**Supplied material:**

▼▼▼

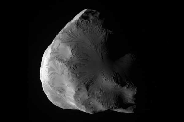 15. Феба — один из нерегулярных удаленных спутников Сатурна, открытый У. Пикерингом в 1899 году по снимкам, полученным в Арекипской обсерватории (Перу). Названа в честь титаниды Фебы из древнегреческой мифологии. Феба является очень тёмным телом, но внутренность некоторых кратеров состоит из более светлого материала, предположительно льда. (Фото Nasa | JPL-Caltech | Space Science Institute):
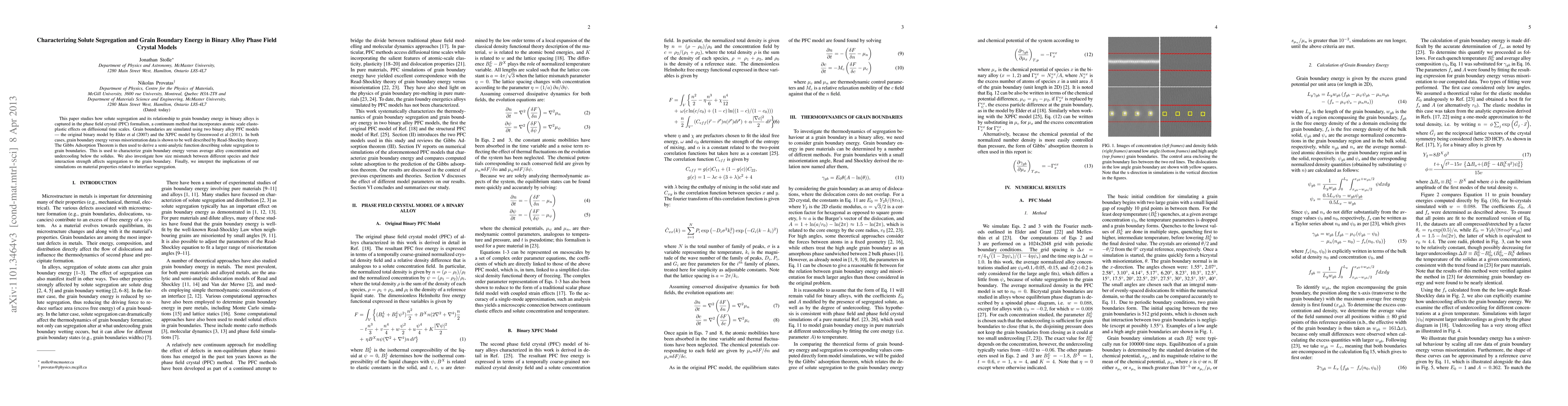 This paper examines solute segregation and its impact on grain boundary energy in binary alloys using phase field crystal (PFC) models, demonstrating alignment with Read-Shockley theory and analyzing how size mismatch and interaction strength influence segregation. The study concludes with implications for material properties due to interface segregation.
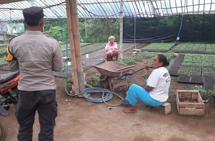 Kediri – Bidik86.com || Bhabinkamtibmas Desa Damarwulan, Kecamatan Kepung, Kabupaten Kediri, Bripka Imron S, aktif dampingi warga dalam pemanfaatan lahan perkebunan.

▲▲▲
▼▼▼

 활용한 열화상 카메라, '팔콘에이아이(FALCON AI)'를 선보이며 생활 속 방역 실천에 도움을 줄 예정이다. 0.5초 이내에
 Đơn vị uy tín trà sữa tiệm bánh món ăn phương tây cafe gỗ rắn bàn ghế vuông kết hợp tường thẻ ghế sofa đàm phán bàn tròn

▲▲▲

**Exercise:**
For the listing above, print only the lines starting at the line containing "활용한 열화상 카메라, '팔콘에이아이(FALCON" and ending at the line containing "Đơn vị uy tín", exactly, both included.

**Answer to this task:**
 활용한 열화상 카메라, '팔콘에이아이(FALCON AI)'를 선보이며 생활 속 방역 실천에 도움을 줄 예정이다. 0.5초 이내에
 Đơn vị uy tín trà sữa tiệm bánh món ăn phương tây cafe gỗ rắn bàn ghế vuông kết hợp tường thẻ ghế sofa đàm phán bàn tròn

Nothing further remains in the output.